> **Exercise requirements**
Would you give the entries again word for word, with no pictures in the copy?

> **The input**
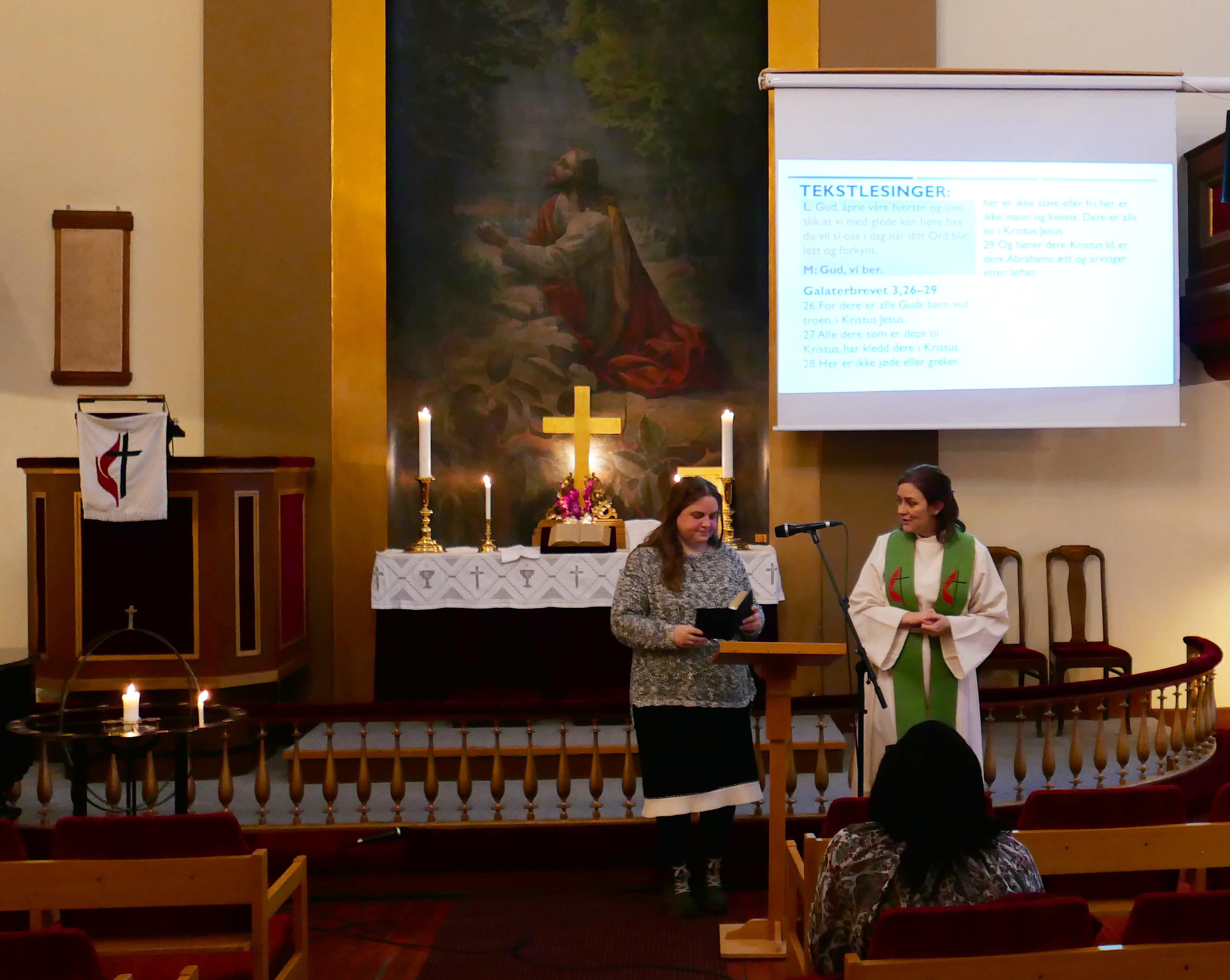 Vår pastor Christina Thaarup holdt dagens preken, og forrettet nattverden sammen med Ilens sogneprest April Maia Almås (som har bakgrunn fra vår «moderkirke», den anglikanske kirken).
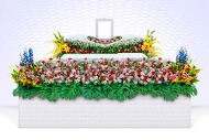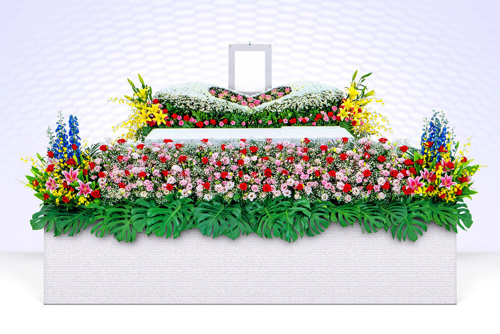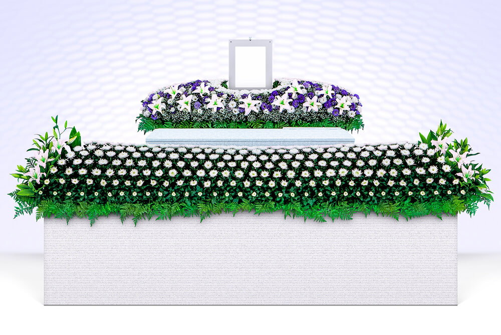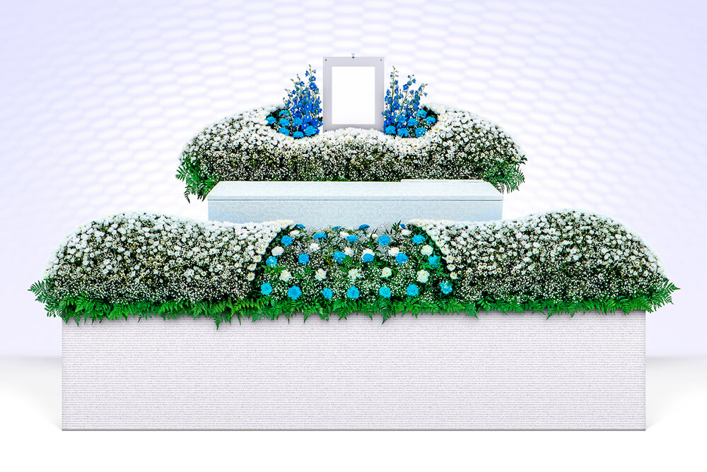 白菊、小菊、スプレーマム、カーネーション、ソケイ、デルフィニウム、カスミ草、レザーファン
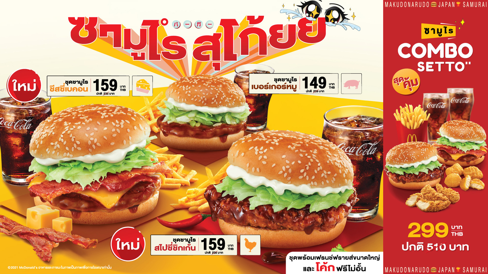 3 มีนาคม 2564 : แมคโดนัลด์ เสิร์ฟความฟินที่ไทยได้ฟีลลิ่งเหมือนอยู่ญี่ปุ่นกับชุด ‘ซามูไรสุโก้ยย’ เลือกอร่อยได้ 3 สไตล์ ฟินสุโก้ยยกับเมนูใหม่ล่าสุด ‘ซามูไร ชีสซี่เบคอน’ (Cheesy Bacon Teriyaki Pork Burger) อร่อยเต็มคำกับเนื้อหมูนุ่มๆ ชุ่มซอส เทอริยากิเข้มข้น ผสานความหอมของชีสเต็มแผ่นจากนิวซีแลนด์ เบคอนกรุบกรอบ และผักกาดแก้วสดฉ่ำ ชื่นชอบความสุโก้ยแบบร้อนแรงต้องลอง
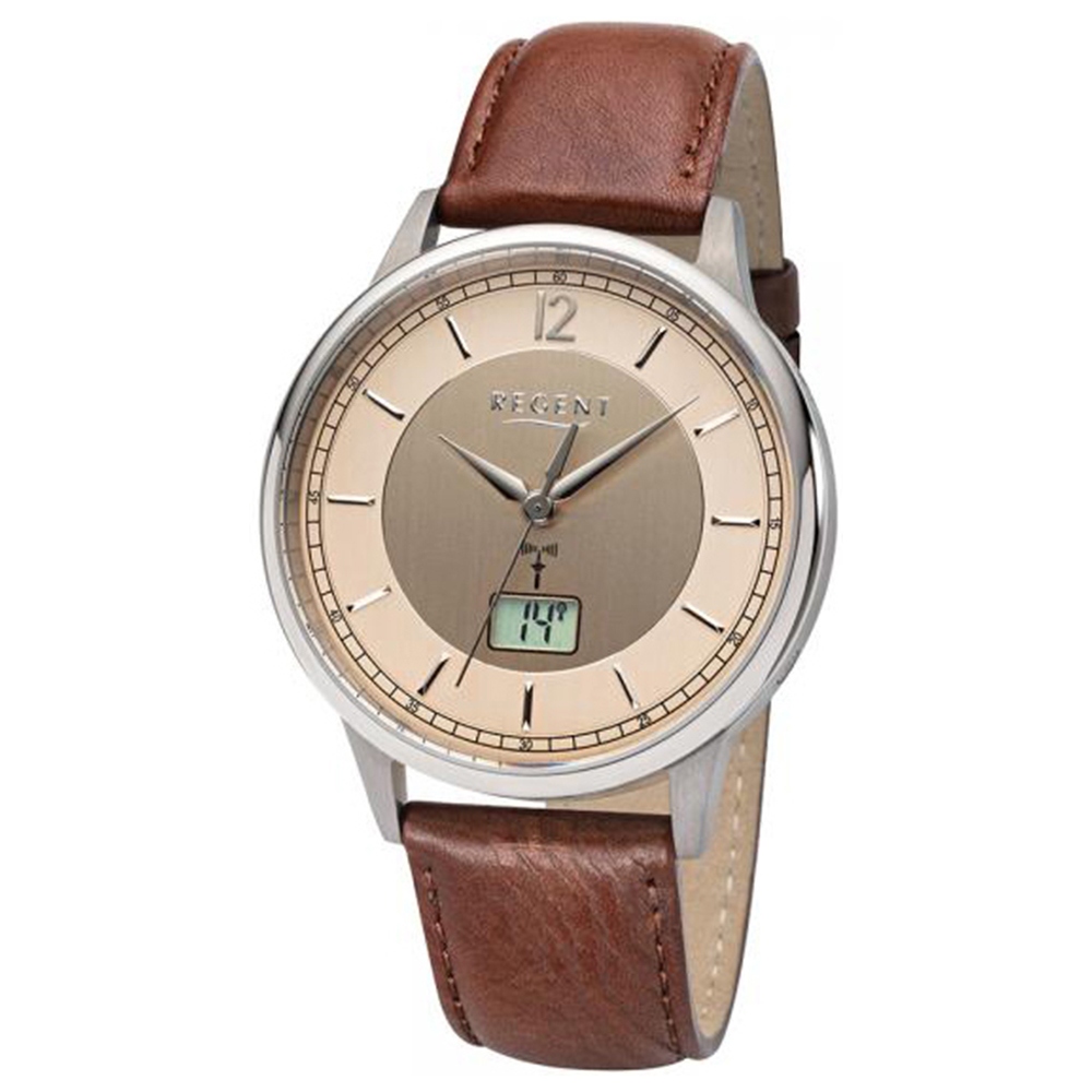 Regent Funkuhr Herren Uhr FR-249 Analog-Digital Armbanduhr Leder braun URFR249
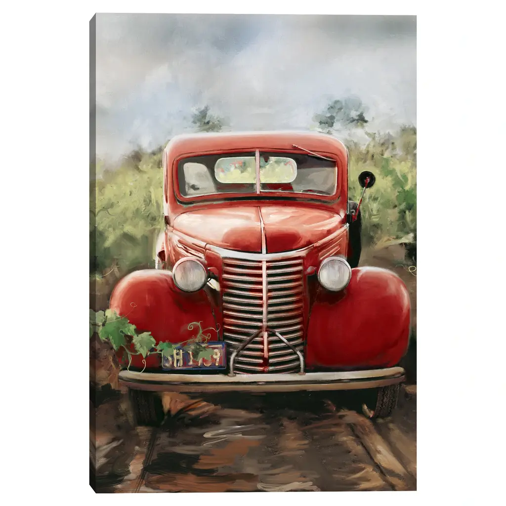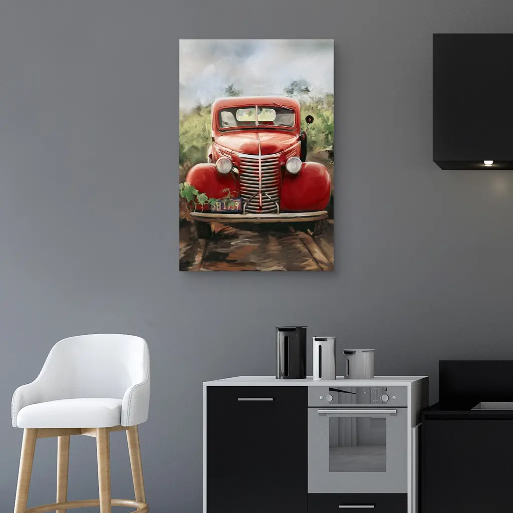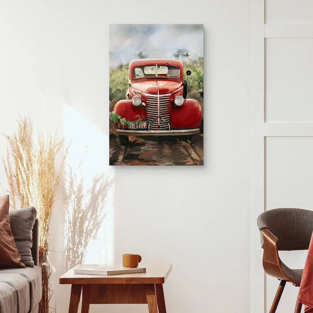 A vintage red truck sits idle parked on a quiet farm awaiting crop harvest. Studio Arts Little Red Truck vintage style canvas print takes us back to simpler times.
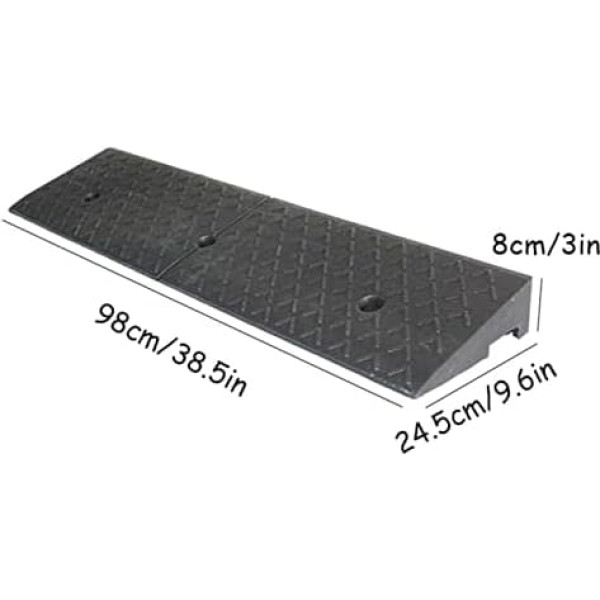 INDUSTRIAL GRADE RUBBER Made of high quality rubber material, the curb ramp is pressure-resistant, non-slip, and has the strong bearing capacity. Non-slip Texture The surface is non-slip, which increases friction and prevents slipping. Non-slip, safe and reliable. Pre-shaped holes: The threshold ramp kit for outdoor use can be permanently installed in high traffic areas using the built-in mounting holes at the bottom of each ramp. Function: This rubber ramp can be placed on threshold or curb to eliminate the obstacle of step height difference, Widely Application Suitable for supermarkets, factories, warehouses, schools, etc. Can accommodate various forklifts, trucks, buses, excavators, off-road vehicles and others. › See more product details; Product description Features: curb ramp set Robust and robust design. Angled profile rails. Marine Grade Waterproof Construction Textured surface for increased friction/traction Used for uneven curbs, driveways, garages, walkways Hardware screws not included, can be purchased at hardware store Package includes: 2 x Vehicle Ramps Technical data: Color: Black Construction material: molded industrial composite plastic Size (L x W x H): 98 x 24.5 x 8 cm. Please allow 1-3 cm difference due to manual measurement. Due to the shooting angle or light, the colour of the product may have a slight colour difference within the normal range.; Product description Features: curb ramp set Robust and robust design. Angled profile rails. Marine Grade Waterproof Construction Textured surface for increased friction/traction Used for uneven curbs, driveways, garages, walkways Hardware screws not included, can be purchased at hardware store Package includes: 2 x Vehicle Ramps Technical data: Color: Black Construction material: molded industrial composite plastic Size (L x W x H): 98 x 24.5 x 8 cm. Please allow 1-3 cm difference due to manual measurement. Due to the shooting angle or light, the colour of the product may have a slight colour difference within the normal range.; Features: curb ramp set Robust and robust design. Angled profile rails. Marine Grade Waterproof Construction Textured surface for increased friction/traction Used for uneven curbs, driveways, garages, walkways Hardware screws not included, can be purchased at hardware store Package includes: 2 x Vehicle Ramps Technical data: Color: Black Construction material: molded industrial composite plastic Size (L x W x H): 98 x 24.5 x 8 cm. Please allow 1-3 cm difference due to manual measurement. Due to the shooting angle or light, the colour of the product may have a slight colour difference within the normal range.
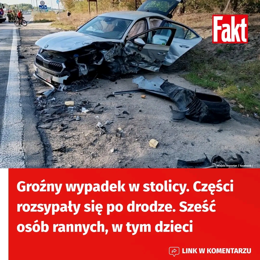 Groźny wypadek w stolicy. Części rozsypały się po drodze. Sześć osób rannych, w tym dzieci

> **Your solution**
 Vår pastor Christina Thaarup holdt dagens preken, og forrettet nattverden sammen med Ilens sogneprest April Maia Almås (som har bakgrunn fra vår «moderkirke», den anglikanske kirken).
 白菊、小菊、スプレーマム、カーネーション、ソケイ、デルフィニウム、カスミ草、レザーファン
 3 มีนาคม 2564 : แมคโดนัลด์ เสิร์ฟความฟินที่ไทยได้ฟีลลิ่งเหมือนอยู่ญี่ปุ่นกับชุด ‘ซามูไรสุโก้ยย’ เลือกอร่อยได้ 3 สไตล์ ฟินสุโก้ยยกับเมนูใหม่ล่าสุด ‘ซามูไร ชีสซี่เบคอน’ (Cheesy Bacon Teriyaki Pork Burger) อร่อยเต็มคำกับเนื้อหมูนุ่มๆ ชุ่มซอส เทอริยากิเข้มข้น ผสานความหอมของชีสเต็มแผ่นจากนิวซีแลนด์ เบคอนกรุบกรอบ และผักกาดแก้วสดฉ่ำ ชื่นชอบความสุโก้ยแบบร้อนแรงต้องลอง
 Regent Funkuhr Herren Uhr FR-249 Analog-Digital Armbanduhr Leder braun URFR249
 A vintage red truck sits idle parked on a quiet farm awaiting crop harvest. Studio Arts Little Red Truck vintage style canvas print takes us back to simpler times.
 INDUSTRIAL GRADE RUBBER Made of high quality rubber material, the curb ramp is pressure-resistant, non-slip, and has the strong bearing capacity. Non-slip Texture The surface is non-slip, which increases friction and prevents slipping. Non-slip, safe and reliable. Pre-shaped holes: The threshold ramp kit for outdoor use can be permanently installed in high traffic areas using the built-in mounting holes at the bottom of each ramp. Function: This rubber ramp can be placed on threshold or curb to eliminate the obstacle of step height difference, Widely Application Suitable for supermarkets, factories, warehouses, schools, etc. Can accommodate various forklifts, trucks, buses, excavators, off-road vehicles and others. › See more product details; Product description Features: curb ramp set Robust and robust design. Angled profile rails. Marine Grade Waterproof Construction Textured surface for increased friction/traction Used for uneven curbs, driveways, garages, walkways Hardware screws not included, can be purchased at hardware store Package includes: 2 x Vehicle Ramps Technical data: Color: Black Construction material: molded industrial composite plastic Size (L x W x H): 98 x 24.5 x 8 cm. Please allow 1-3 cm difference due to manual measurement. Due to the shooting angle or light, the colour of the product may have a slight colour difference within the normal range.; Product description Features: curb ramp set Robust and robust design. Angled profile rails. Marine Grade Waterproof Construction Textured surface for increased friction/traction Used for uneven curbs, driveways, garages, walkways Hardware screws not included, can be purchased at hardware store Package includes: 2 x Vehicle Ramps Technical data: Color: Black Construction material: molded industrial composite plastic Size (L x W x H): 98 x 24.5 x 8 cm. Please allow 1-3 cm difference due to manual measurement. Due to the shooting angle or light, the colour of the product may have a slight colour difference within the normal range.; Features: curb ramp set Robust and robust design. Angled profile rails. Marine Grade Waterproof Construction Textured surface for increased friction/traction Used for uneven curbs, driveways, garages, walkways Hardware screws not included, can be purchased at hardware store Package includes: 2 x Vehicle Ramps Technical data: Color: Black Construction material: molded industrial composite plastic Size (L x W x H): 98 x 24.5 x 8 cm. Please allow 1-3 cm difference due to manual measurement. Due to the shooting angle or light, the colour of the product may have a slight colour difference within the normal range.
 Groźny wypadek w stolicy. Części rozsypały się po drodze. Sześć osób rannych, w tym dzieci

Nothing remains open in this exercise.